We know that the acceleration is the rate of change of velocity with respect to time, it is mathematically given as, $a=\dfrac{dv}{dt}$, where $a$ is the acceleration due to the change in velocity $d\;v$ during time $d\;t$ . Also, acceleration is a vector quantity which has both direction and magnitude. From Newton’s laws of motion we know that a body undergoes acceleration when an external force is applied on the body and given as $F=ma$ where, $F$ is the force, $m$ is mass and $a$ is acceleration.

From the equation of motion we know that $v^{2}-u^{2}=2as$

On rearranging we get,

$\implies 2as=v^{2}-u^{2}$

$\implies s=\dfrac{v^{2}-u^{2}}{2a}$

Given that $v=21m/s$ , $u=5m/s$ and $a=3m/s^{2}$

Substituting the values, we get

$\implies s= \dfrac{(21)^{2}-(5)^{2}}{2\times 3}$

$\implies s=\dfrac{441-25}{6}$

$\implies s=\dfrac{416}{6}$

$\therefore s=69.34m$

Thus the car covers a distance of $69.34\;m$ during its acceleration.

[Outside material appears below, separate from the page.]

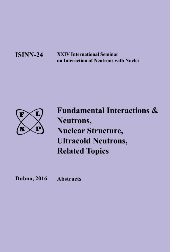 Труды XXIV Международного семинара по взаимодействию нейтронов с ядрами В сборнике представлено современное состояние исследований свойств ядра с помощью нейтронов: фундаментальных симметрий и свойств самого нейтрона, возбуждаемых им реакций и параметров ядра, определяющих их сечения, а также последние теоретические разработки всех этих вопросов. Очень детально представлены работы по всем аспектам, связанным с экспериментальными исследованиями по физике деления ядра нейтронами различных энергий. Достаточно полно описано современное состояние экспериментов по физике ультрахолодных нейтронов и установок для их получения, а также достигнутый к настоящему времени статус методически новейших экспериментов и результаты экологических исследований. Дубна: ОИЯИ, 2017. – 442 с.

**Additional information:**

we know that when an object travels in a straight line, then the following are its equation of motions:

$v=u+at$

$s=ut+\dfrac{1}{2}at^{2}$

$v^{2}-u^{2}=2as$

Where $v$ is the final velocity, $u$ is the initial velocity ,$a$ is the acceleration during the time $t$ and the object covers a distance $s$.

**Note:**

The magnitude of acceleration can be both positive and negative. Negative acceleration is also known as deceleration. Since acceleration is dependent on the direction of motion, it can further be classified into linear, which is due to motion in a straight line and radial speed, which is due to circular motion. But speed is only positive, as it’s a scalar quantity which has magnitude and no direction.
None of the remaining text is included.